In Syrien besteht eine allgemeine Wehrpflicht. Die Einberufung erfolgt im Alter von 18 Jahren (vgl. Bundesamt für Fremdenwesen und Asyl (BFA), Fact Finding Mission Report Syrien, August 2017, S. 18; AA an VG Düsseldorf, 02.01.2017, S. 3). Nach Artikel 15 des Gesetzesdekrets Nr. 30 von 2007 bleibt ein syrischer Mann nach Beendigung des Pflichtwehrdienstes Reservist und kann bis zum Ende des 42. Lebensjahres in den aktiven Dienst einberufen werden (BFA, August 2017, S. 22; AA an VG Düsseldorf, 02.01.2017, S. 3).
Aus den dem Senat zur Verfügung stehenden Erkenntnismitteln ergibt sich außerdem, dass die Wehrpflicht – notfalls gewaltsam – durchgesetzt wird (AA an VG Düsseldorf, 02.01.2017, S. 3). Die Anstrengungen, Wehrpflichtige einzuziehen und Reservisten zu mobilisieren, seien erhöht sowie die Suche nach Wehrdienstentziehern intensiviert worden, unter anderem an Kontrollstellen und in öffentlichen Verkehrsmitteln (UNHCR, November 2017, S. 40). Ein Grund für solche Maßnahmen liege darin, dass nur wenige Männer auf die Einberufung reagiert und sich zum Militärdienst gemeldet hätten (Danish Refugee Council / Danish Immigration Service, August 2017, S. 8).
Im Herbst 2014 habe das Regime verschiedene Maßnahmen erlassen, um die Ausreise wehrdienstpflichtiger Männer zu verhindern. Von Männern im Alter zwischen 18 und 42 Jahren hätten die syrischen Behörden schon seit Beginn des Krieges bei der Ausreise eine offizielle Beglaubigung des Militärs verlangt, dass sie vom Dienst freigestellt sind (SFH, Syrien: Mobilisierung in die syrische Armee, 28.03.2015, S. 4; DOS/DOI, 01.02.2017, AA an VG Düsseldorf, 02.01.2017; SFH, Syrien: Zwangsrekrutierung, Wehrdienstentzug, Desertion, 23.03.2017, S. 13). Männer, die ihren Wehrdienst bereits abgeleistet hätten, könnten eine Ausreisegenehmigung einfacher bekommen (BFA, August 2017, S. 24). Seit Oktober 2014 sei zwischen 1985 und 1991 geborenen Männern die Ausreise untersagt (SFH, 28.03.2015, S. 4).
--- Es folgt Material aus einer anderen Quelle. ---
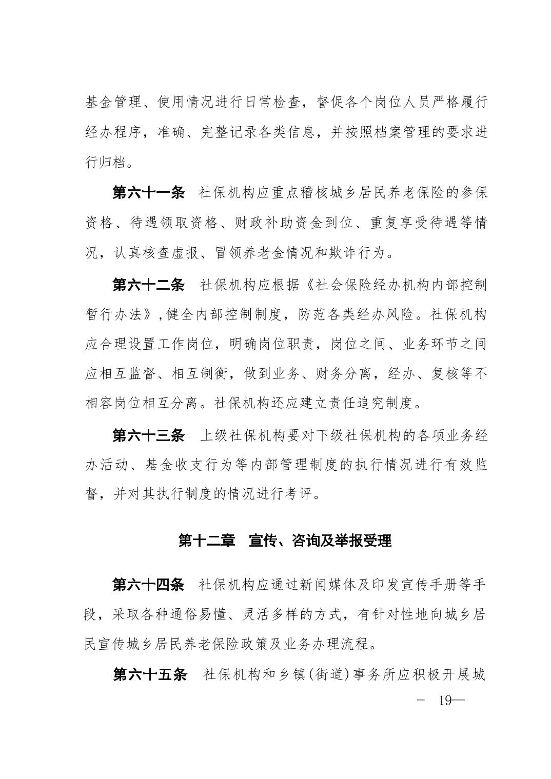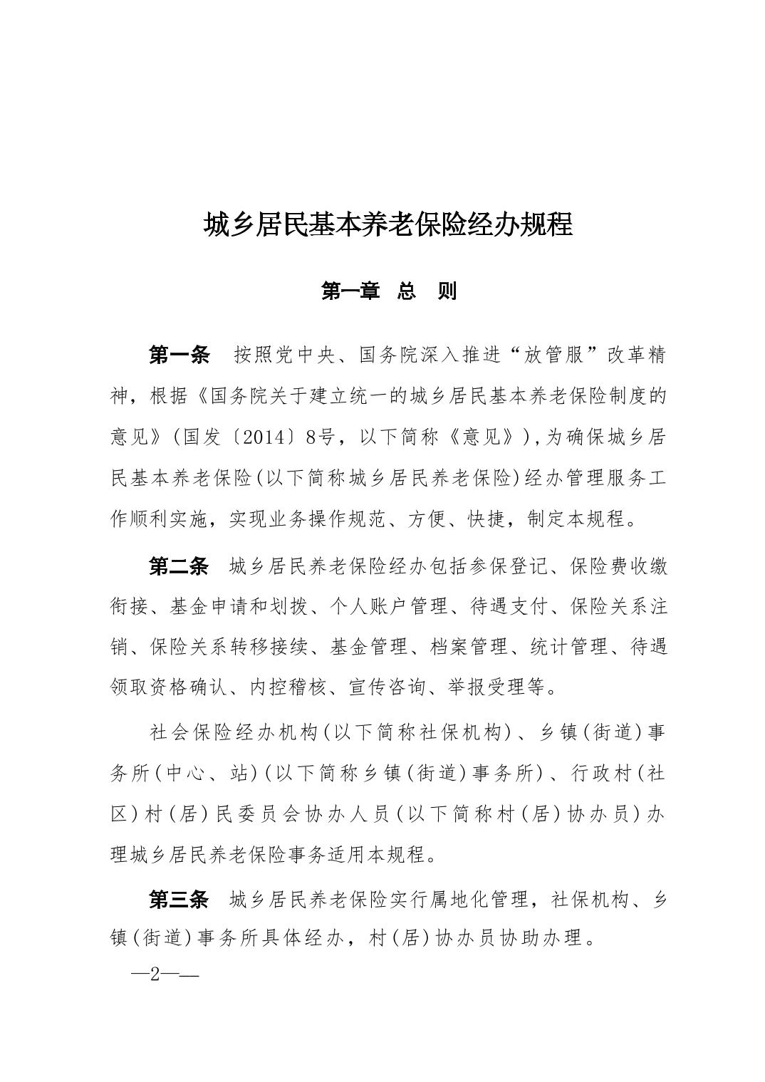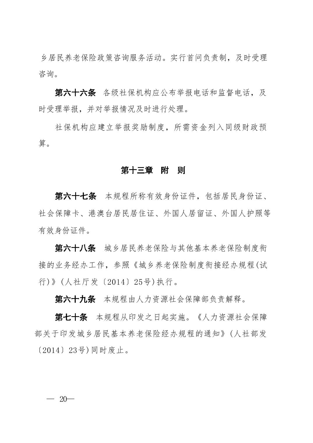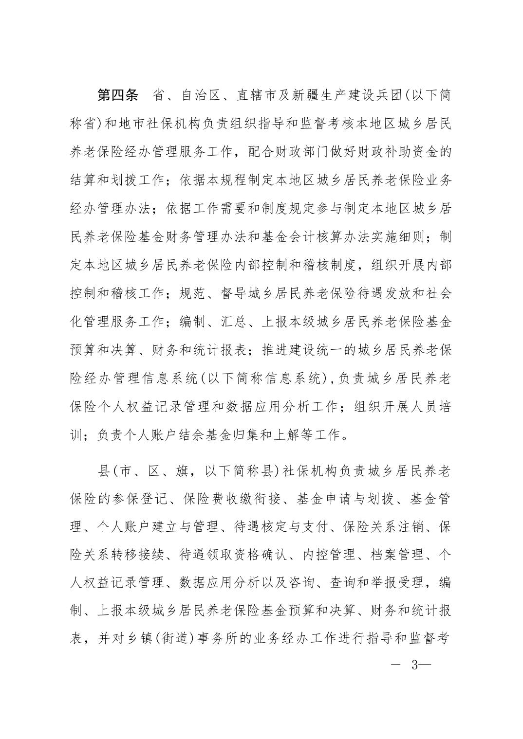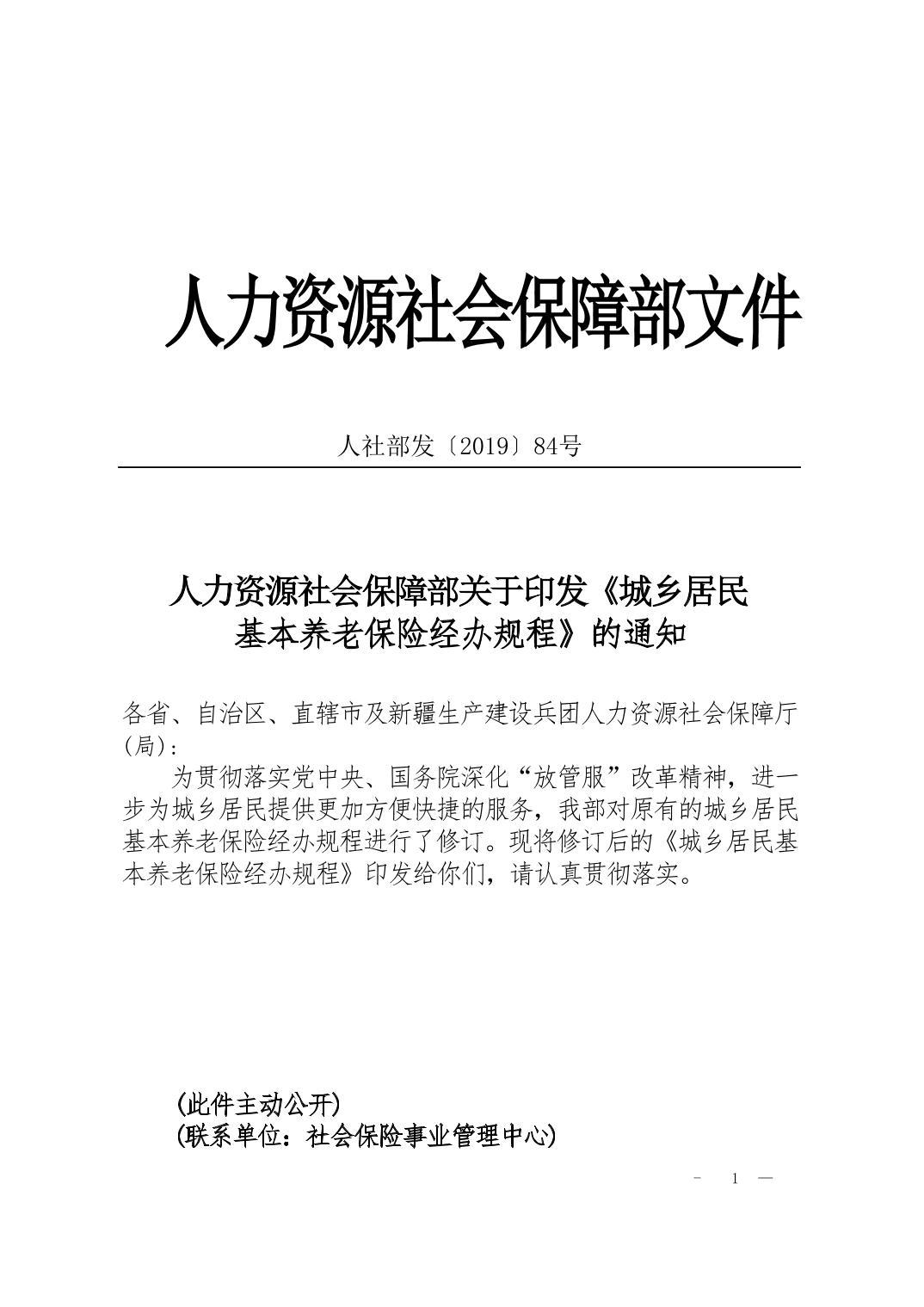人力资源社会保障部关于印发《城乡居民基本养老保险经办规程》的通知

Auch nach dem Gesetzesdekret Nr. 30 von 2007 in der im Januar 2017 geänderten Fassung benötigten (nur) Männer zwischen 18 und 42 Jahren für eine legale Ausreise eine Genehmigung des Rekrutierungsamtes. Die Ausreise ohne die erforderliche Genehmigung bzw. über einen nicht genehmigten Ausreisepunkt sei strafbar. Einschätzungen des UNHCR zufolge sei es jedoch unklar, ob das Gesetz tatsächlich angewandt werde und Rückkehrer entsprechend Strafverfolgung ausgesetzt seien, da die Gesetzesumsetzung in Syrien willkürlich und nicht vorhersehbar sei (UNHCR, Februar 2017, S. 3, 4). Den Grenzstellen lägen Listen von Wehrdienstpflichtigen und Wehrdienstentziehern vor. Es sei allerdings möglich, mittels Schmiergeldzahlungen das Land trotzdem offiziell zu verlassen (UNHCR, Februar 2017, S. 5).
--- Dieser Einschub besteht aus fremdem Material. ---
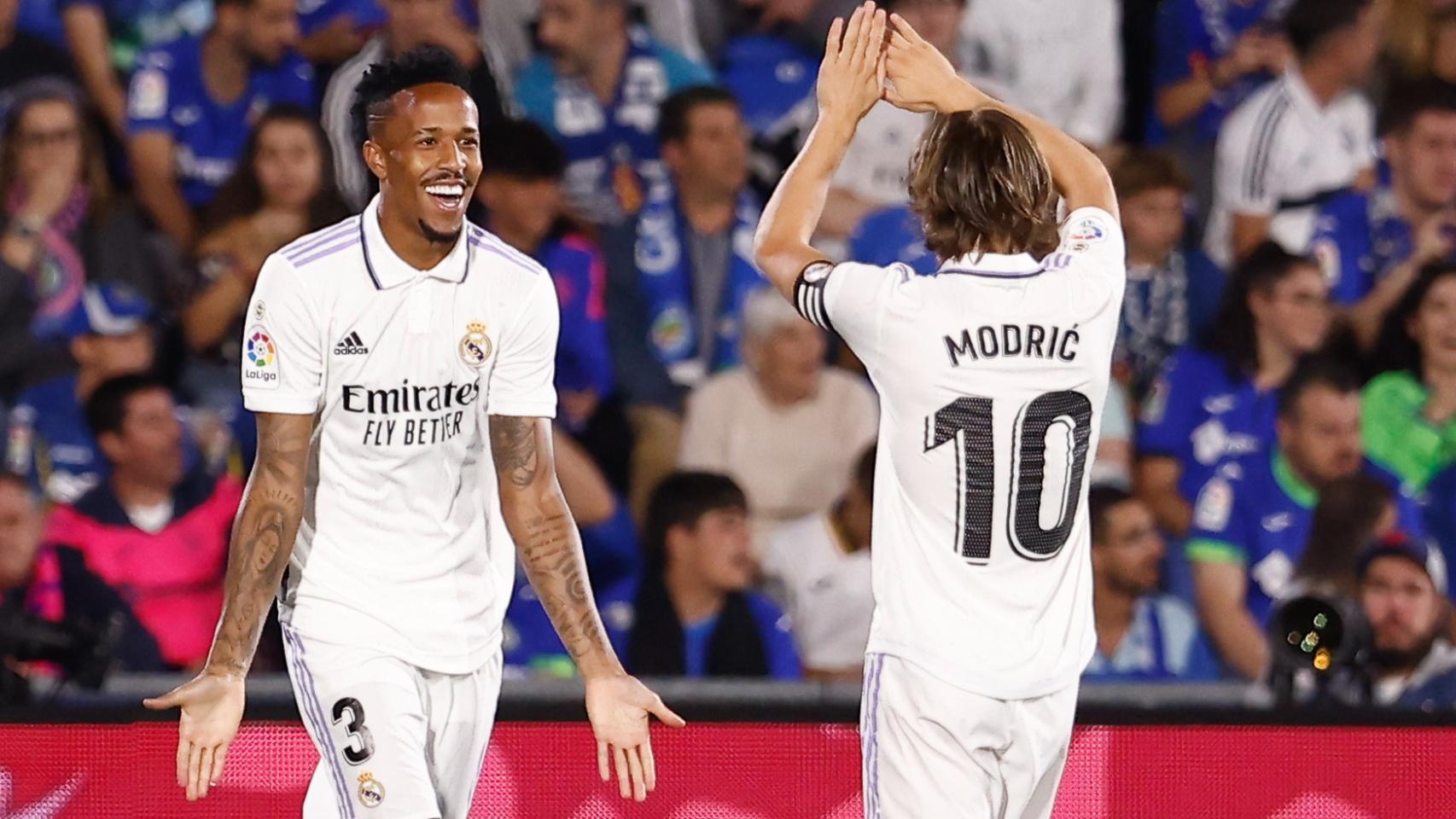 Militao celebra con Modric su gol.

Grundsätzlich respektiere die syrische Regierung nach wie vor die gesetzlich vorgesehenen Altersgrenzen für die Wehrpflicht bzw. die Reservisteneigenschaft (vgl. UNHCR, November 2017, S. 41, wonach in von Regierungstruppen zurückeroberten Gebieten Männer im Wehrpflichtigen- bzw. Reservistenalter festgenommen worden seien, um sie dem Militär zuzuführen). Nach einer Wiedereinreise würden Männer über 18 Jahre zum Wehrdienst eingezogen. Männer bis 42 Jahre würden seit 2011 zum Teil erneut eingezogen, auch wenn der Wehrdienst bereits abgeleistet worden sei. Dementsprechend sei die Bewegungsfreiheit von Männern im gesetzlich vorgesehenen Wehrpflichtigen- bzw. Reservistenalter eingeschränkt und meide diese Personengruppe Kontrollstellen, um der Zwangsrekrutierung zu entgehen (UNHCR, November 2017, S. 41 f.). Zuweilen allerdings würden nach einigen Auskünften etwa an Checkpoints oder an öffentlichen Plätzen alle wehrpflichtigen Männer "eingesammelt" und rekrutiert, wobei die Altersgrenze missachtet werde (BFA, August 2017, S. 18; vgl. auch UNHCR, Februar 2017, S. 24: Verhaftung und Einziehung zum Reservedienst seien auch ohne Einberufung möglich). Umgekehrt werde nicht jeder Syrer über 18 "automatisch" an den Kontrollstellen verhaftet (UNHCR, Februar 2017, S. 25).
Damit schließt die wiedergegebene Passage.